Multi-modal Indexing and Searching with Lifelong Sequence (MISS) refers to a unified framework that integrates multi-modal information (e.g., textual, visual, behavioral signals) and lifelong user behavioral sequences into large-scale retrieval recommendation systems. MISS is engineered to address the dual challenges of exploiting extensive user history and leveraging diverse content modalities for precise and efficient information retrieval, particularly in industrial-scale environments such as video and product recommendation platforms (Guo et al., 20 Aug 2025).
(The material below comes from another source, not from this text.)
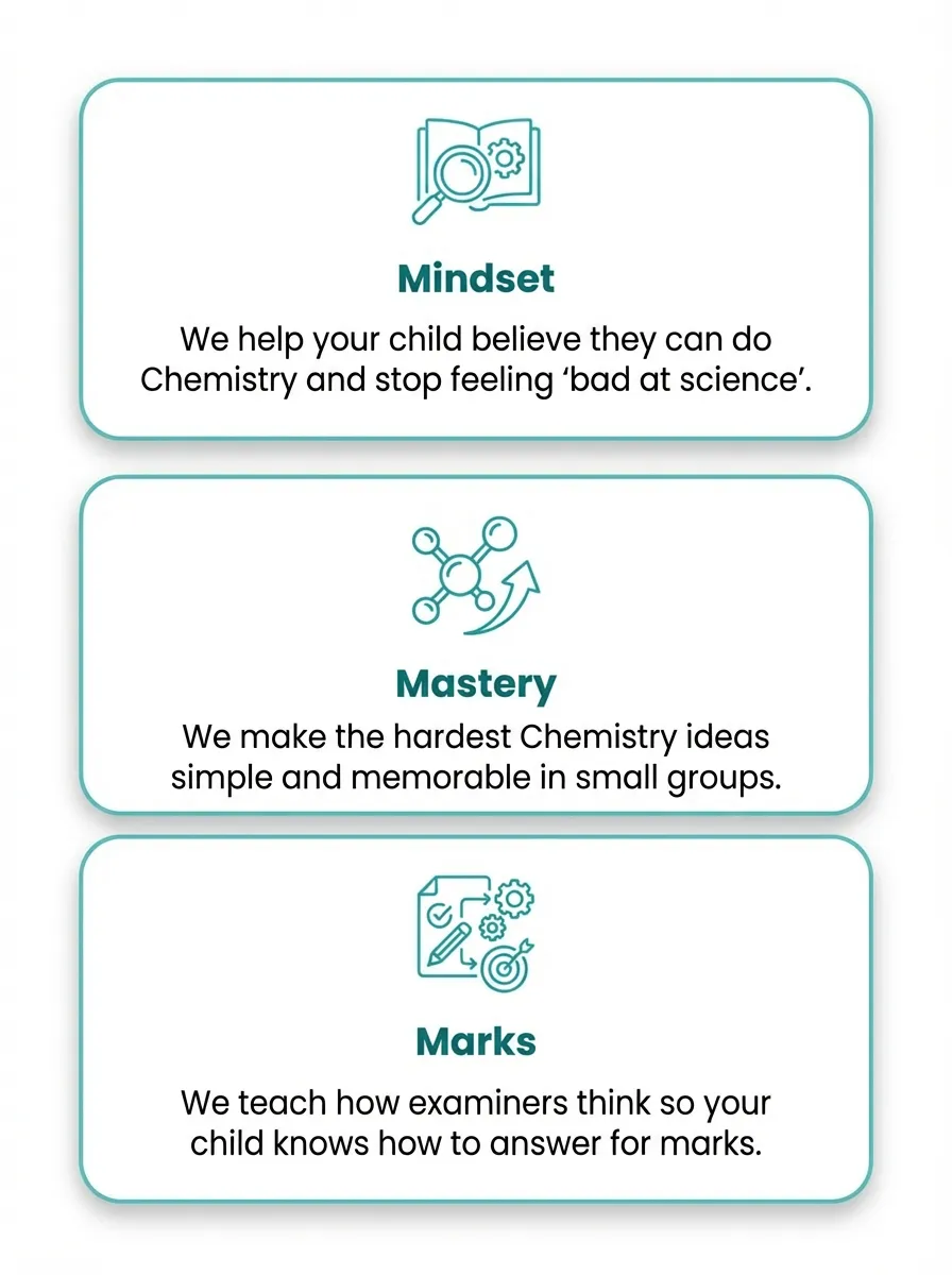 Once there’s a clear plan, consistent teaching and exam-technique training, Chemistry stops feeling random and starts to make sense.

The core indexing mechanism in MISS is the multi-modal index tree—a hierarchical binary tree constructed over item multi-modal embeddings. The construction process is as follows:

At each node, k-means clustering is recursively applied to the set of items represented by their multi-modal embeddings (pre-trained to maximize semantic alignment via objectives such as InfoNCE).
Each split divides items into two clusters, forming left/right subtrees, until leaf nodes correspond to single items.
Each non-leaf node stores a mean-pooled embedding of all leaf items in its subtree:

$z_i = \frac{1}{|L(i)|} \sum_{j \in L(i)} c_{\pi(j)}$

where $L(i)$ are the leaf nodes under node $i$ and $c_{\pi(j)}$ is the multi-modal embedding of item $j$ .
Leaf node embeddings are set directly as their item embeddings.

This index tree reflects a hierarchy of item similarity that is sensitive to both content and behavioral interaction cues.

During candidate retrieval, beam search traverses the tree, rapidly pruning irrelevant branches based on the multi-modal similarity between user query (or interests) and node embeddings. The tree is trained with a binary cross-entropy objective at each node, using pseudo labels to align the tree with retrieval objectives:

$\mathrm{BCE}(\hat{y}_n, \hat{y}_n^t) = -\hat{y}_n \log \hat{y}_n^t - (1 - \hat{y}_n) \log (1 - \hat{y}_n^t)$

with $\hat{y}_n = I\left(\sum_{i \in L(n)} y_{\pi(i)} \geq 1\right)$ representing the presence of relevant items under node $n$ .

2. Lifelong Sequential Behavior Modeling

MISS directly models user lifelong behavioral sequences to extract diverse and fine-grained user interests, even across extremely long histories (e.g., thousands of behaviors). The framework introduces two principal search units:

Collaborative General Search Unit (Co-GSU): Operates over one-hot ID embeddings of candidate nodes and user behaviors. It applies target attention via projection matrices, extracting the Top-K most relevant historical behaviors for the candidate:

$r_i = (W_q e_n)^\top (W_k e_i) / \sqrt{d}$

where $e_n$ , $e_i$ are the projected embeddings, $W_q$ , $W_k$ are learnable matrices, and $d$ is the embedding dimension.
Multi-modal General Search Unit (MM-GSU): Utilizes fixed pre-trained multi-modal embeddings directly. Relevance between candidate and historical behaviors is measured as:

$r_i^{mm} = z_n^\top z_i$

producing a multi-modal sub-behavior sequence for further attention-based aggregation.

An Exact Search Unit (ESU) refines the candidate set by applying softmax-based attention over the selected behaviors and aggregating their feature representations:

$a_i = \mathrm{softmax}(r_i)$

$x^{co/mm} = \sum_{i} a_i W_v e_i$

where $W_v$ is an additional projection layer.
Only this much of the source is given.